Saiba mais sobre a leishmaniose visceral

Doença, ainda comum em algumas regiões do País, traz riscos à saúde

Você já ouviu falar em leishmaniose visceral? Trata-se de uma doença infecciosa classificada como zoonose, o que significa que pode trazer riscos à saúde humana e dos animais domésticos. Isso porque os pets – principalmente os cães -, quando infectados por meio do mosquito-palha, tornam-se hospedeiros do protozoário causador da doença, permitindo a infecção de outros mosquitos, que podem infectar outros animais e também pessoas.

Sintomas

Para se ter uma ideia da gravidade do problema, de acordo com o Ministério da Saúde, quando não diagnosticada e tratada, a leishmaniose pode levar à morte em 90% dos casos. Nos cães, os sintomas mais comuns são perda de peso, queda anormal de pelos, aparecimento de descamações e feridas de pele, sangramento do nariz e inchaço nas patas. Nos humanos, a doença pode causar febre de longa duração e perda de peso. Tanto os animais como os humanos podem estar infectados com o protozoário, mas não apresentarem os sintomas clínicos da doença.

Coleira repelente

A prevenção é essencial e deve ser feita por meio do controle ambiental, evitando o acúmulo de lixo e material orgânico em ambiente aberto, bem como o uso de inseticidas para evitar a proliferação do vetor e vacinação nos animais.

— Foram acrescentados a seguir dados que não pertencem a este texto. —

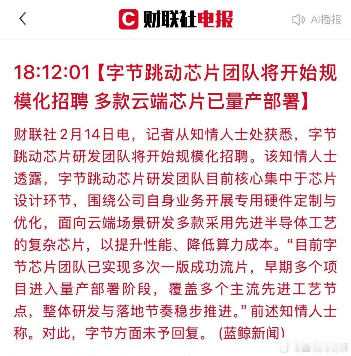 春节过后,芯片半导体以及人工智能可能会出现大涨!字节跳动已经开始研制自己所发展的芯片,已经实现量产布局,去字节跳动目前公布的AI人工智能大模型来看,在全球确实引起了很大的反响,而且在技术创新以及技术突破超越了美国很多大型AI公司!甚至有些美国媒体说,中国的AI技术在生成视频方面可能会冲击美国好莱坞制片!因为中国的这种技术已经可以实现多种技术创新,非常逼真!可以做到多场景应用,多镜头的运用,实现AI电影制片!
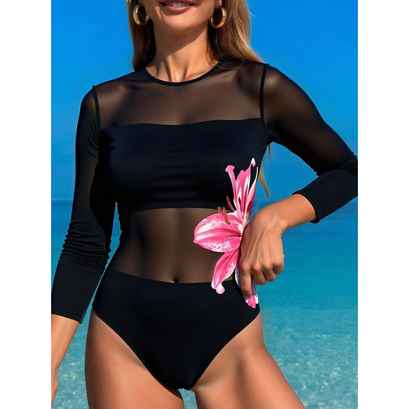 Women's One Piece Swimsuit Sexy Cutout Monokini Mesh Tummy Control High Waist Slim Vacation Beach Wear Floral Round Neck Long Sleeve Bathing Suits
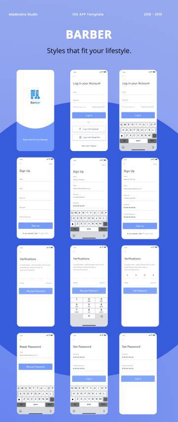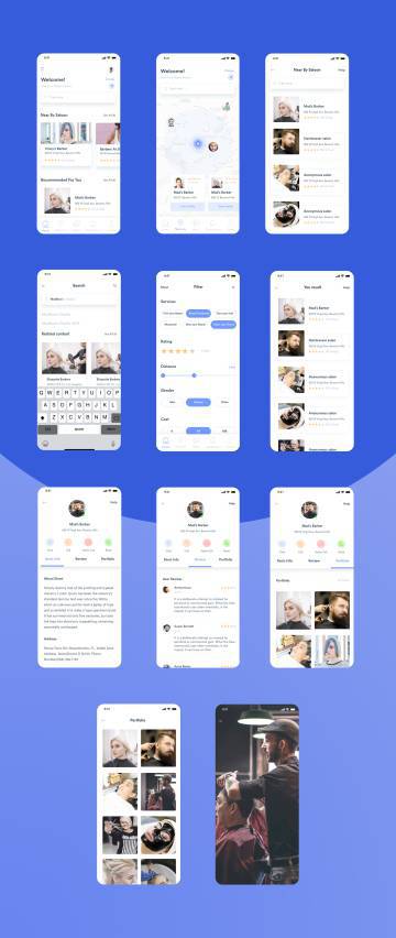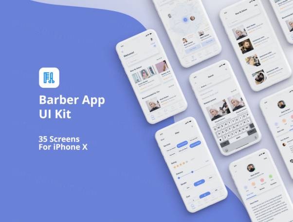 在Adobe XD中设计的Barber App UI Kit。自定义40个基于移动矢量的最小屏幕,以适应您的下一个基于Barber App的应用程序。
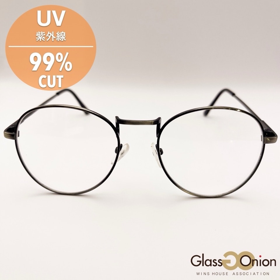 未使用 サングラス 紫外線99%カット 透明レンズ 金縁丸型 ラウンド
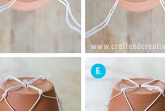 Después cortáis 8 tiras de cuerda de unos 90 cm, y hacéis un nudo en un extremo. Tiene que ser gordito (seguramente doble) para que al pasarlo por el agujero del fondo de la maceta no se salga.
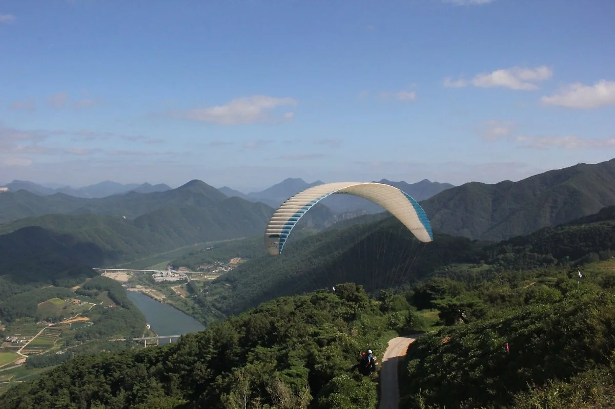 단양하면 빼놓을 수 없는 패러글라이딩! 탁 트인 시야가 매력적인 양방산 정상에서는 패러&행글라이딩을 즐길 수 있다. 초보자도 쉽게 배울 수 있으니 이번 여름에 도전해보자!
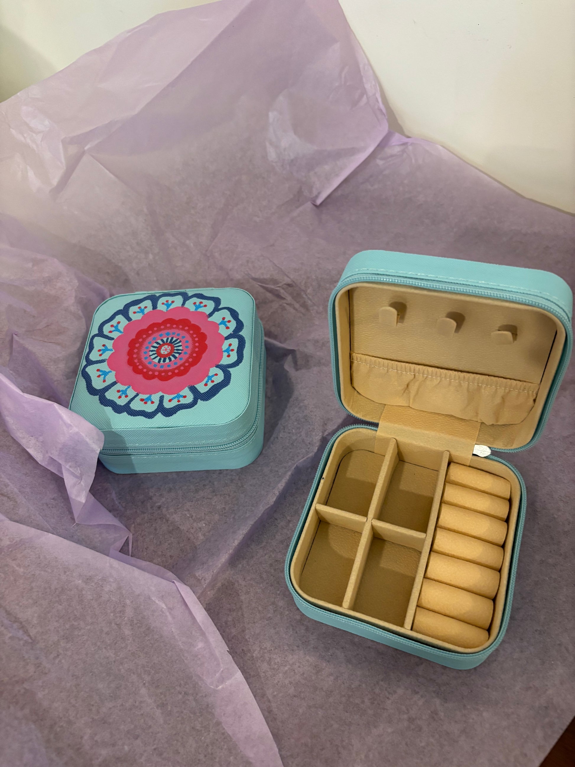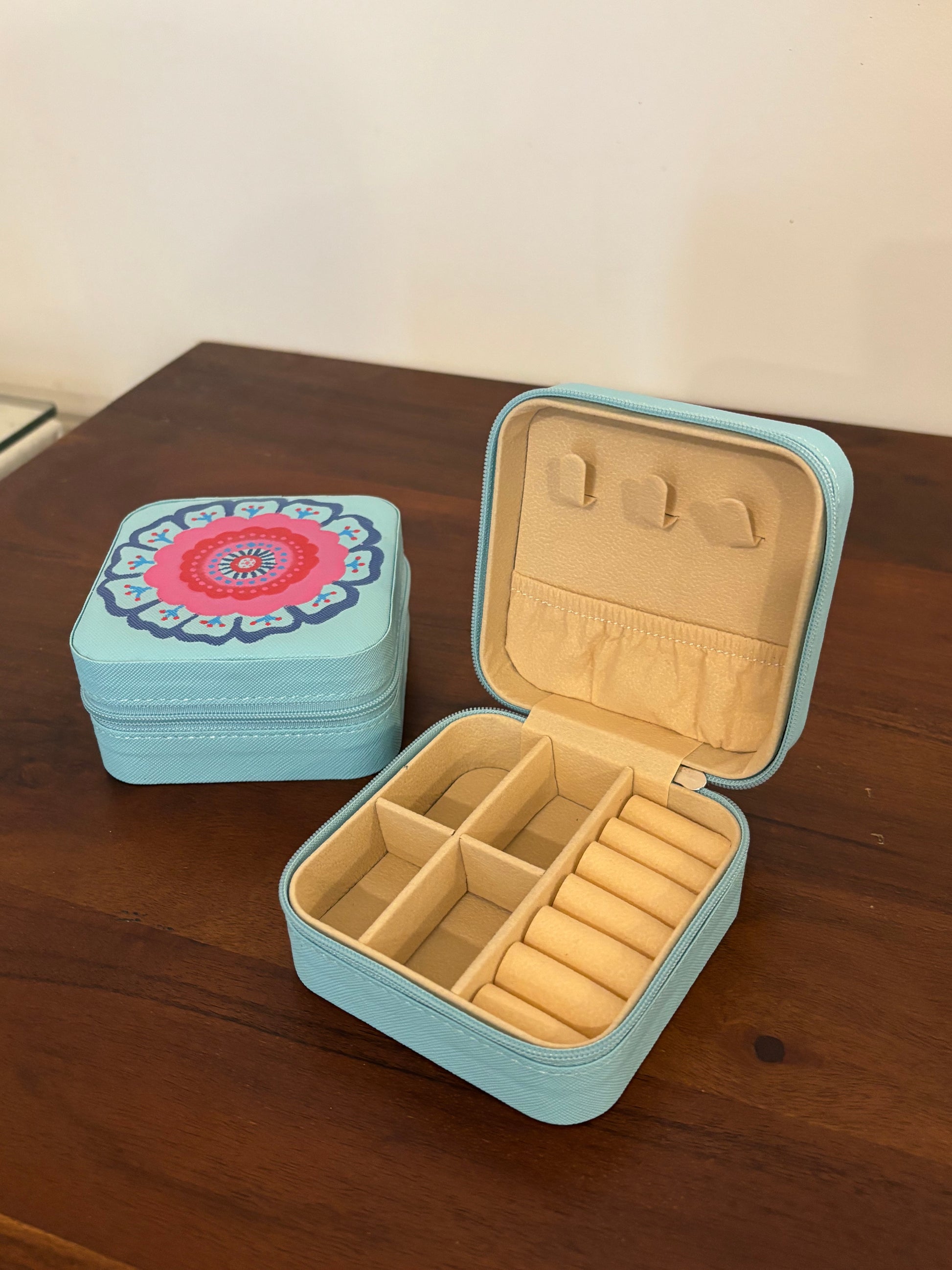 Pankhuri is a hand-painted, compact jewellery box designed to hold your everyday trinkets and travel treasures. With a soft beige interior, dedicated slots for rings, earrings, and chains - it’s as functional as it is beautiful. The sky-blue exterior is adorned with a delicate floral mandala, making each piece one-of-a-kind.
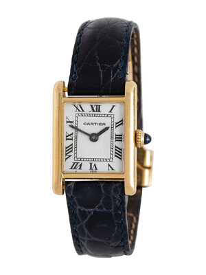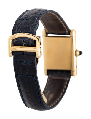 Bracelet/Strap: Navy leather with 18K yellow gold Cartier New York deployant clasp
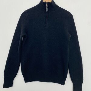 Stay warm and stylish with this classic black half-zip sweater. Perfect for any occasion.
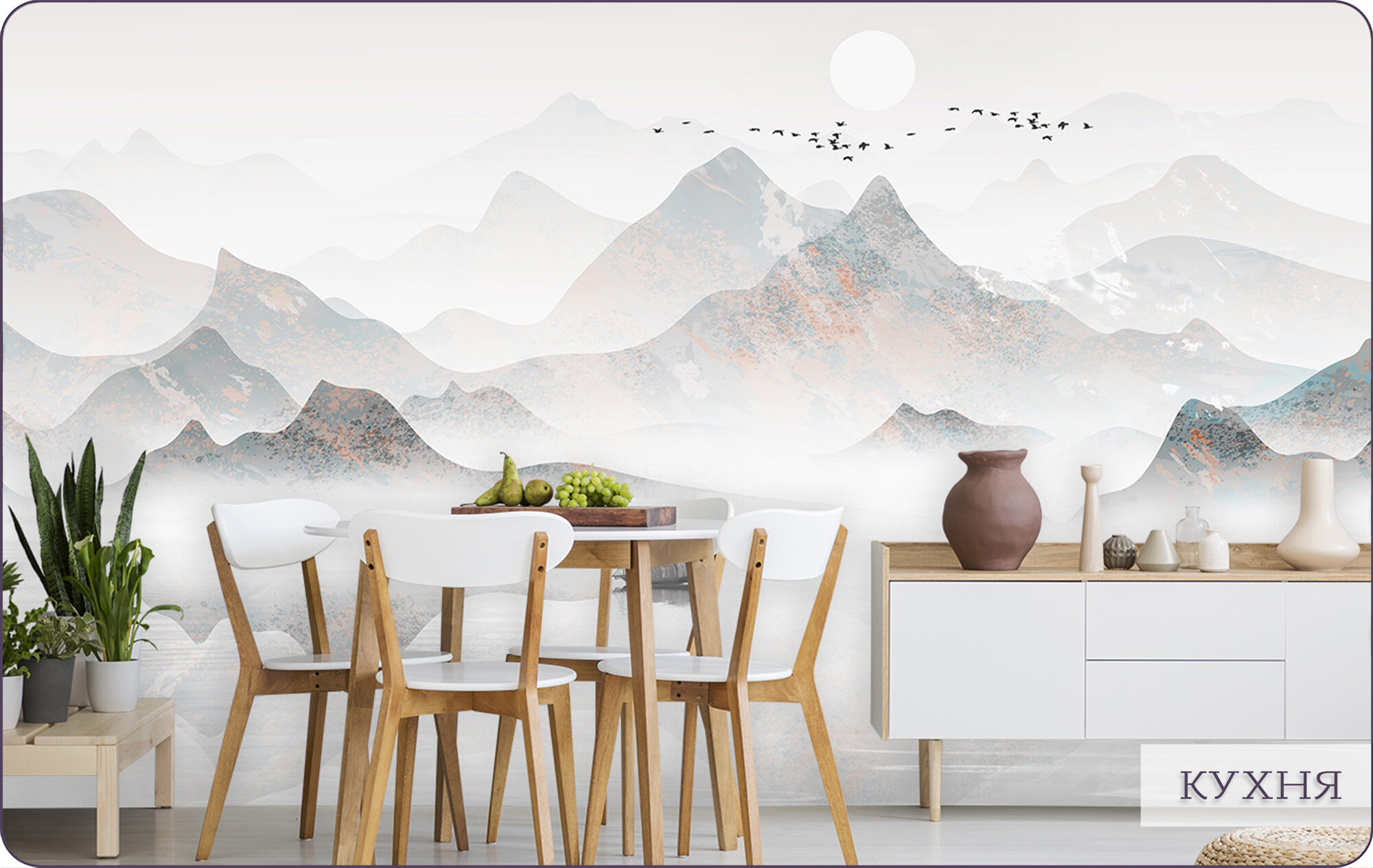 Фотообои на стену флизелиновые 3d Природа Горы Акварель 600х270 см Bartonwall N053
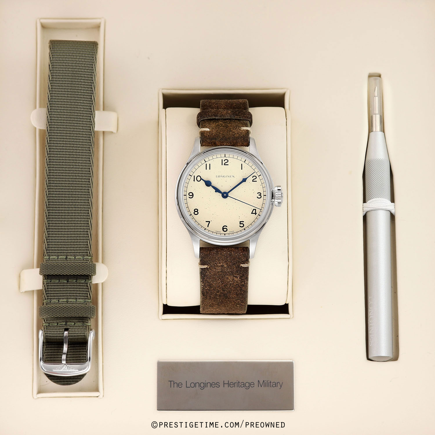 - With an additional green fabric NATO style strap with polished stainless steel tang buckle. This strap is unworn.

Segundo Silvana Badra, veterinária e gerente de produtos da unidade Pet da MSD Saúde Animal, em Cruzeiro (SP), outra medida importante é usar a coleira repelente, que garante cerca de 98% de eficácia na proteção e também ajuda a afastar outros parasitas, como pulgas e carrapatos.

Além disso, recomenda-se abrigar o animal dentro de casa à noite, período de maior atividade dos mosquitos transmissores da doença. “O tratamento da leishmaniose ainda exige um investimento alto e acompanhamento periódico com o veterinário, já que os medicamentos apenas melhoram os sintomas e reduzem a carga parasitária, mas não eliminam o protozoário”, alerta.

Confira alguns mitos e verdades relacionados à doença:

O cão pode transmitir a leishmaniose diretamente para o dono
MITO | O cão, após picado pelo mosquito infectado pelo protozoário, pode ficar doente ou se tornar um reservatório. A interação e convívio diário com o pet não causam a leishmaniose. A doença é transmitida quando um mosquito pica um animal infectado e em seguida pica um humano.

Todo cão diagnosticado deve ser submetido à eutanásia
MITO | Dependendo do estado de saúde do pet, o tutor pode optar por fazer o tratamento medicamentoso, que, embora não o cure da leishmaniose, pode controlar a carga parasitária e os sintomas clínicos. Além disso, o animal precisa fazer um acompanhamento constante com o veterinário, a fim de avaliar o desenvolvimento dos seus sintomas e a carga de protozoários presentes – que indica se ele está suscetível a transmitir a leishmaniose ou não. Os especialistas também recomendam o uso da coleira repelente durante o tratamento do cão, a fim de reduzir o risco da disseminação da doença.

As medidas preventivas devem ser adotadas mesmo quando o pet não vive em área endêmica

VERDADE | Como a leishmaniose é muitas vezes silenciosa, com sintomas que podem demorar a aparecer, é possível que o indivíduo ou o pet infectado viaje ou se mude, carregando a doença e contribuindo para sua disseminação local. Além disso, existem diversas zonas endêmicas no país. Lembre-se: quando você protege seu pet contra a doença, você também protege a sua família.